(Given records Opens)

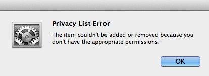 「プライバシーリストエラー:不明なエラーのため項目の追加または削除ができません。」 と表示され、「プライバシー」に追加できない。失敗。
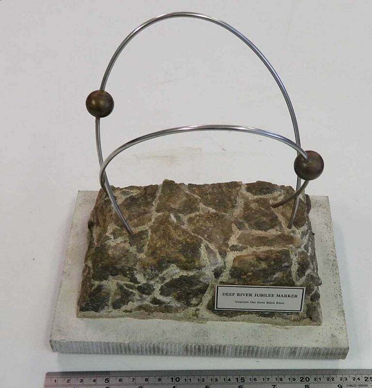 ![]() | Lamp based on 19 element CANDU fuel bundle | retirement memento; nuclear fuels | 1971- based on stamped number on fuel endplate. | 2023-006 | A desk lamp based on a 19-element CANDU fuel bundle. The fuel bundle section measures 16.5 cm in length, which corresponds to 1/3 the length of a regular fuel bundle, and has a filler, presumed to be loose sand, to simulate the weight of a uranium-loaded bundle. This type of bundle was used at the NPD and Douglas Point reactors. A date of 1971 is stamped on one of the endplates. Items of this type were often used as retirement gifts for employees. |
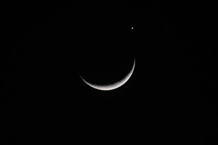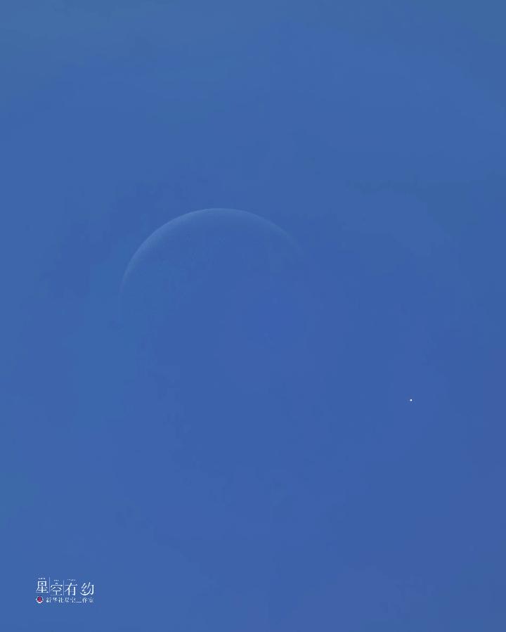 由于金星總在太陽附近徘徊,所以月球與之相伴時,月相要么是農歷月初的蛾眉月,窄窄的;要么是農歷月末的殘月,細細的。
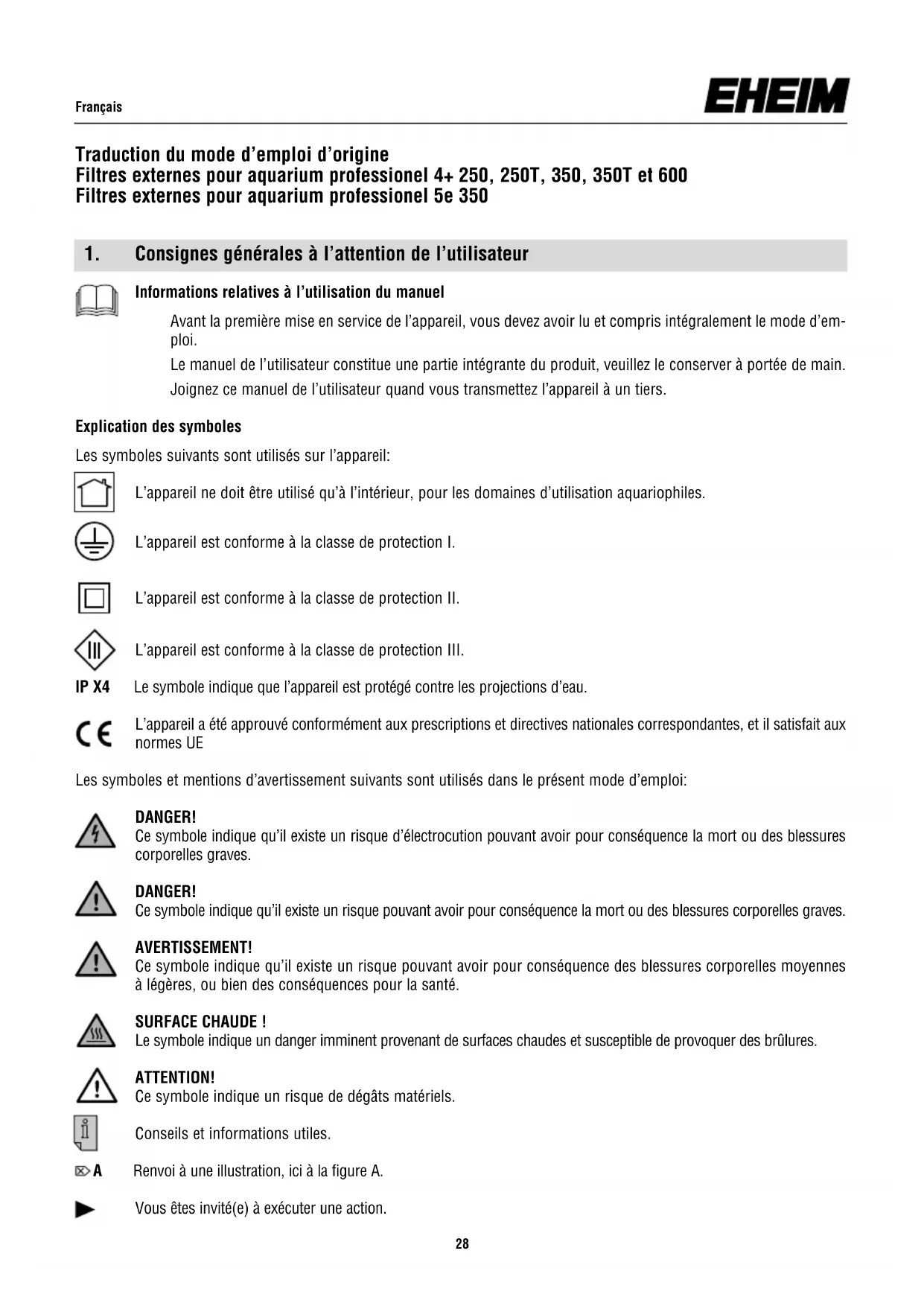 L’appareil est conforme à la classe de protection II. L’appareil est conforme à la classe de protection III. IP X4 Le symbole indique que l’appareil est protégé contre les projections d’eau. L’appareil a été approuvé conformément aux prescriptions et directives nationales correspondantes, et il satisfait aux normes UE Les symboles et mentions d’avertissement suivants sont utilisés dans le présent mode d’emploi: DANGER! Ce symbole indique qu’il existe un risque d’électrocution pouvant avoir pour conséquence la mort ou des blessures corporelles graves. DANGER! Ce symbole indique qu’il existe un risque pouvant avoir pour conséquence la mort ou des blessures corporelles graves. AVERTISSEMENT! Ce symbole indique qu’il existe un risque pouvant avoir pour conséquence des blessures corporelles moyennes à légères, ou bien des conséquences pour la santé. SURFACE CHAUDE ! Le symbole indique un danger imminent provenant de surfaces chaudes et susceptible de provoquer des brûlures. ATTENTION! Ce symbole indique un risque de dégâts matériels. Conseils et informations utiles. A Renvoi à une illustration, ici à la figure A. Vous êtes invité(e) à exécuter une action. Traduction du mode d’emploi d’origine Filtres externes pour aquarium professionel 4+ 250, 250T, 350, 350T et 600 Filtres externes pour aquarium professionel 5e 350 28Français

(Given records Closes)
(Given records Opens)

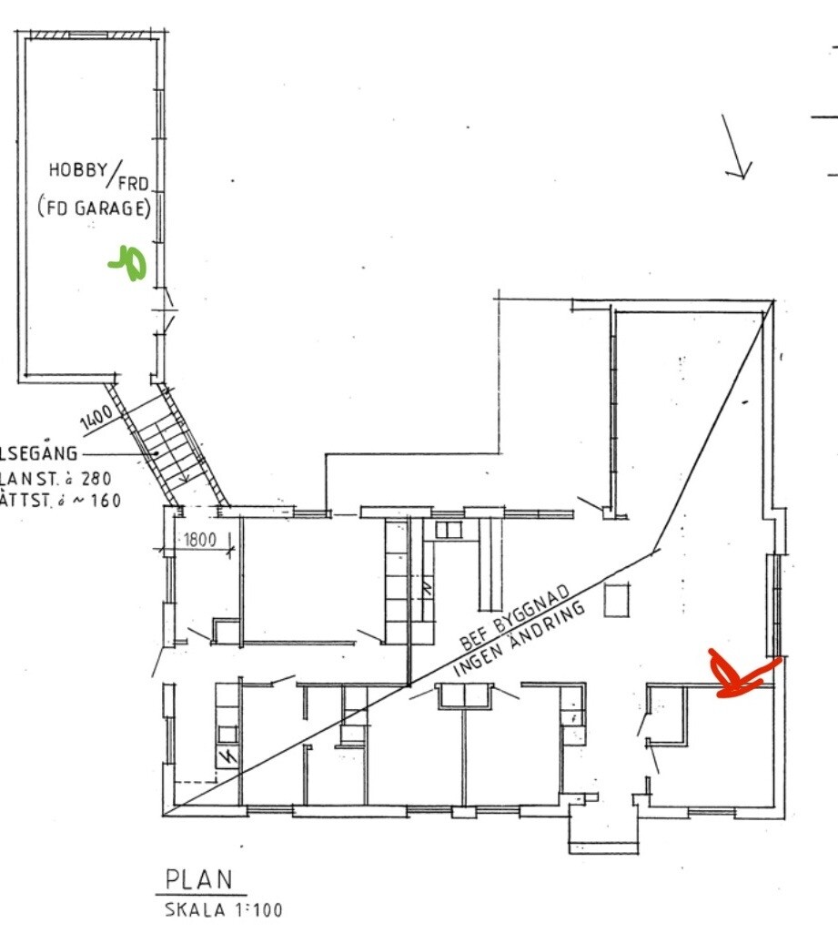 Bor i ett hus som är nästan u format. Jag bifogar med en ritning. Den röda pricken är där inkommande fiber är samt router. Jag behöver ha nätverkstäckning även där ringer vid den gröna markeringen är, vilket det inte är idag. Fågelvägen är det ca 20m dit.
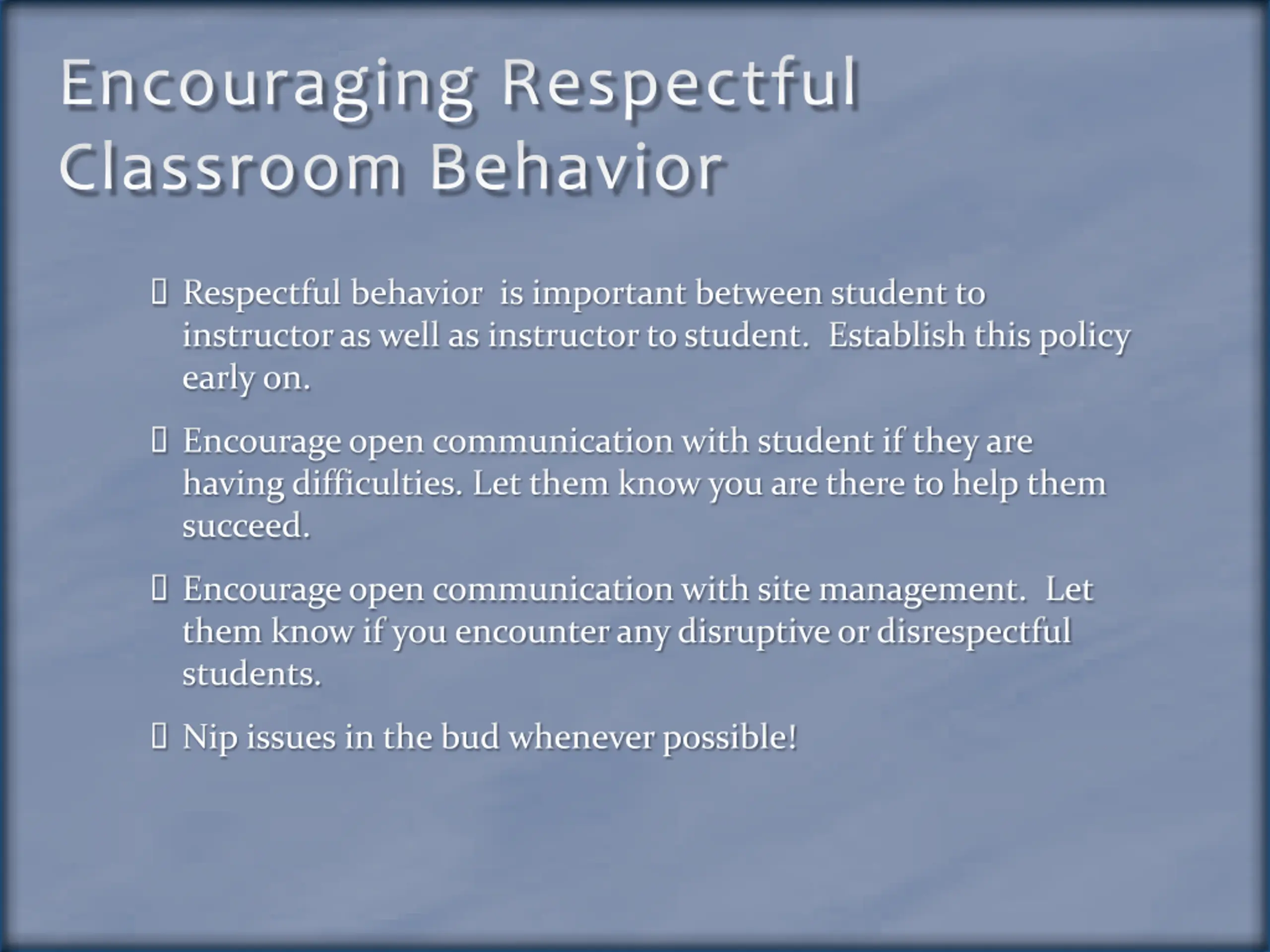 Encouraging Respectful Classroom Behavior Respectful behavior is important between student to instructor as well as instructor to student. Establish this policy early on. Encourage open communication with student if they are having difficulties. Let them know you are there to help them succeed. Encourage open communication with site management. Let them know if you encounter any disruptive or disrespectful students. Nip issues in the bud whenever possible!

(Given records Closes)

> _Exercise description_
Exercise for the records above: copy only the lines from the one with "for employees. |" to the one with "由于金星總在太陽附近徘徊,所", both ends kept, and drop the pictures.

> _Task response_
 ![]() | Lamp based on 19 element CANDU fuel bundle | retirement memento; nuclear fuels | 1971- based on stamped number on fuel endplate. | 2023-006 | A desk lamp based on a 19-element CANDU fuel bundle. The fuel bundle section measures 16.5 cm in length, which corresponds to 1/3 the length of a regular fuel bundle, and has a filler, presumed to be loose sand, to simulate the weight of a uranium-loaded bundle. This type of bundle was used at the NPD and Douglas Point reactors. A date of 1971 is stamped on one of the endplates. Items of this type were often used as retirement gifts for employees. |
 由于金星總在太陽附近徘徊,所以月球與之相伴時,月相要么是農歷月初的蛾眉月,窄窄的;要么是農歷月末的殘月,細細的。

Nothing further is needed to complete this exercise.